Mr. Griffin’s only explanation was a press release stating that McDonald’s “through its franchise relationship and its use of tools, resources, and technology, engages in sufficient control over its franchisees’ operations . . . to make it a . . . joint employer”.

Comments in a brief filed by his office in Browning-Ferris Indus. of California, Inc., a non-franchising case, which have been echoed in speeches by Mr. Griffin, indicate that the pretext is McDonald’s provided software which helps franchises schedule workers across different shifts in the most efficient manner possible. The technology also gives McDonald’s detailed data relative to each franchise.

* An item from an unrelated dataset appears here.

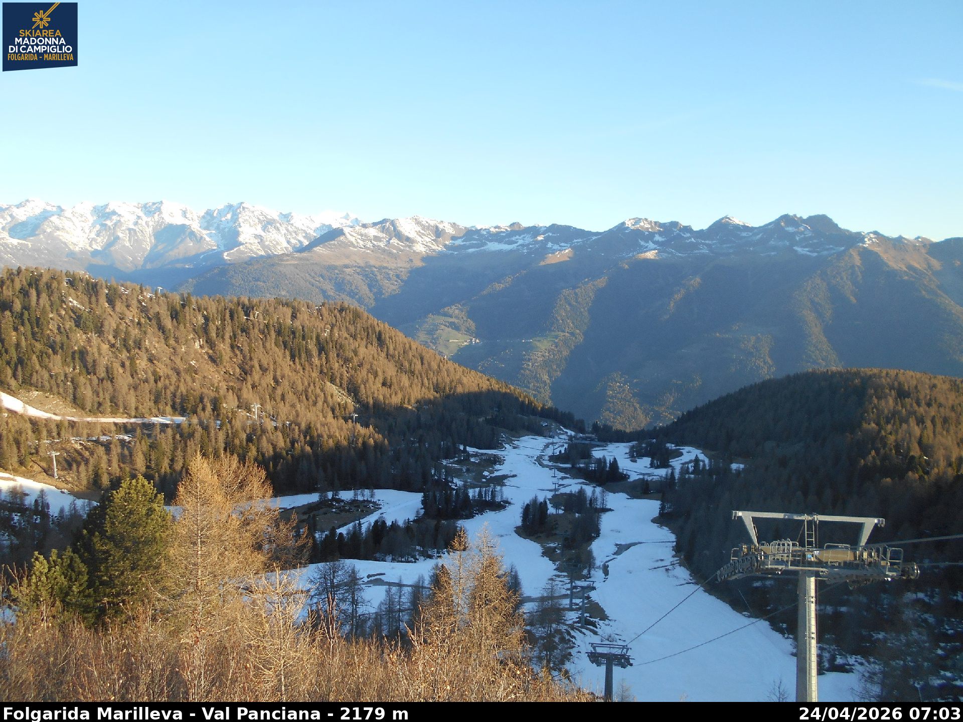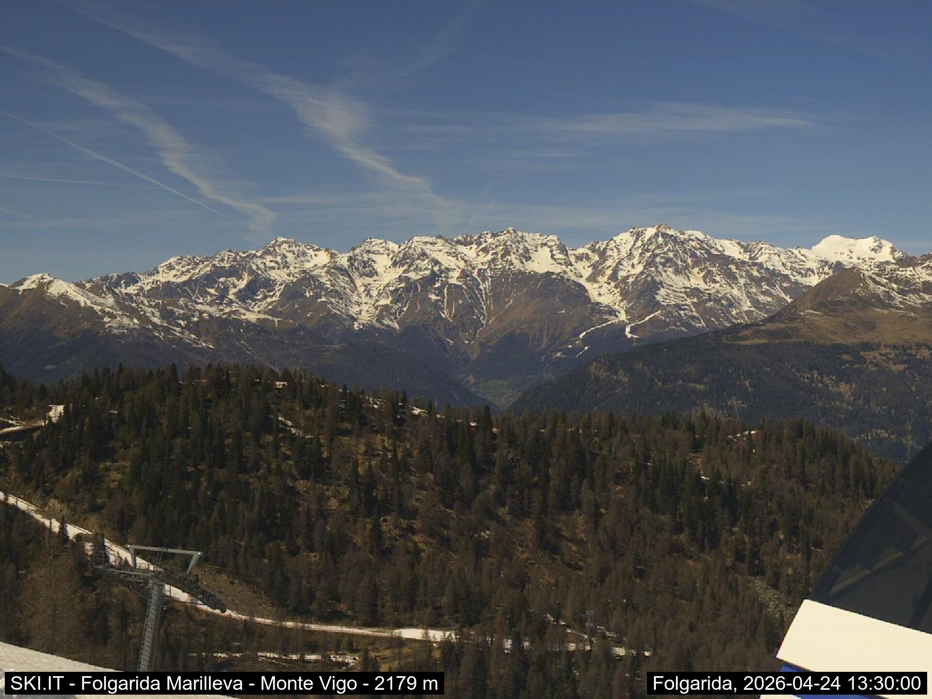 Webcamlive Folgarida - Marilleva. Le webcam sul comprensorio di Folgarida, collegato con Marilleva e Madonnda di Campiglio, in Val di Sole, Trentino. Dal Monte Spoverino al Monte Vigo con varie panoramiche sulle psite e sulle montagne circostanti (Gruppo Brenta e Ortles Cevedale)

The notion that McDonald’s is transformed into a joint employer by technology which allows franchised restaurants to schedule workers efficiently and also gives McDonald’s comprehensive data as to labor costs at these independently operated entities is a half-pound short of a Big Mac. The deployment of such software merely shows that McDonald’s and franchises have a joint interest in seeing restaurants succeed.

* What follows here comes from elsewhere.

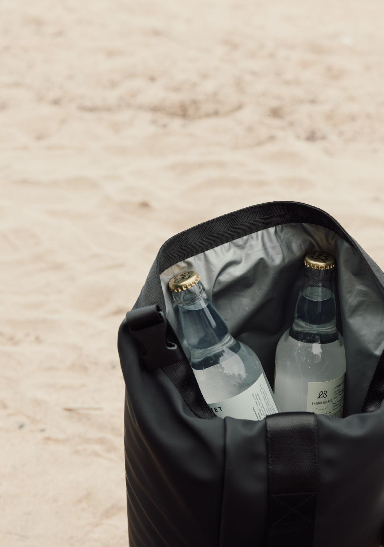Vannavstøtende stilrent PU-materiale • Stilrent PU-materiale • Frontlomme • Enkel tilgang til åpning • Komfortabel stropp • Stor kjølebag
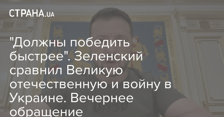 В своем традиционном вечернем видеообращении он сказал, что тогда с начала войны до победы прошло 1418 дней, а в этот раз мы должны пройти этот путь быстрее.

The franchise, not McDonald’s, is still hiring and firing workers, training and supervising them, setting wages, and otherwise running the business on a daily basis.

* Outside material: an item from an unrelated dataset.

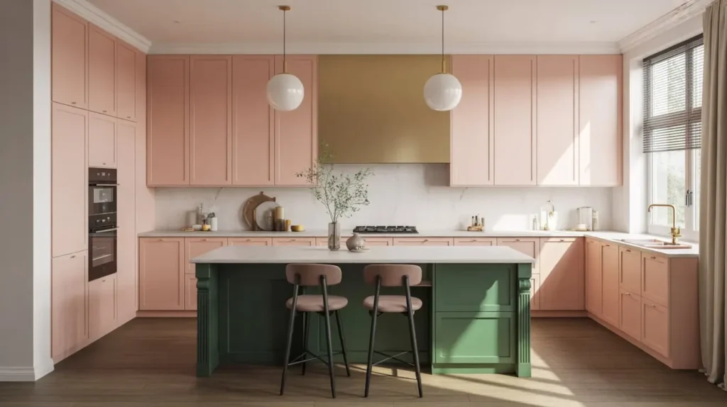 This is one of my favorite ways to balance light and dark. It’s a high-contrast look, but because the colors are so beautiful, it feels harmonious rather than jarring. Imagine an entire wall of cabinets painted in a soft, elegant blush pink. This makes the kitchen feel bright, open, and welcoming.

The press release also stated that McDonald’s response to SEIU’s nationwide actions against franchisees “further supports” the joint employer designation, referring here to coordination between McDonald’s and the targeted franchises in responding to SEIU’s multimillion dollar national campaign. McDonald’s, in other words, should stand pat while SEIU and its allies barrel bomb its brand.

The joint employer designation certainly puts the world’s largest burger brand in a pickle. McDonald’s would be liable for any violation of a worker’s rights at independently run franchises, and the NLRB could mandate bargaining/voting units extending beyond specific stores to regional areas or beyond — even though the workers would be employed by unrelated and independently operated entities.

McDonald’s would appeal these rulings to Federal Court but fully unwinding some NLRB actions would prove difficult.

Before arriving at the NLRB, Mr. Griffin was employed by the International Union of Operating Engineers, including as its Associate General Counsel. It’s not known whether he cross-trained on the big machines operated by rank and file, though steamrolling over contract rights in order to pave the way for union organizing is probably more satisfying for a union lawyer anyhow.

The NLRB hearings were set to reconvene in late May after opening on March 31 but were recently continued over McDonald’s’ objection until October.

Don’t count on McDonald’s getting a fair shake. The NLRB’s pro-union tilt as of late is well-documented, and the NLRB employed Administrative Law Judge assigned to the case, a former union lawyer herself, has consistently sided with Mr. Griffin’s office on a variety of critical pretrial issues.

New CEO Steve Easterbrook is showing bold leadership in addressing McDonald’s two year sales slump. But as Richard Griffin’s joint employer union play shows, the real threat to the Golden Arches’ golden opportunities might not be marketplace competition, but “progressive” government.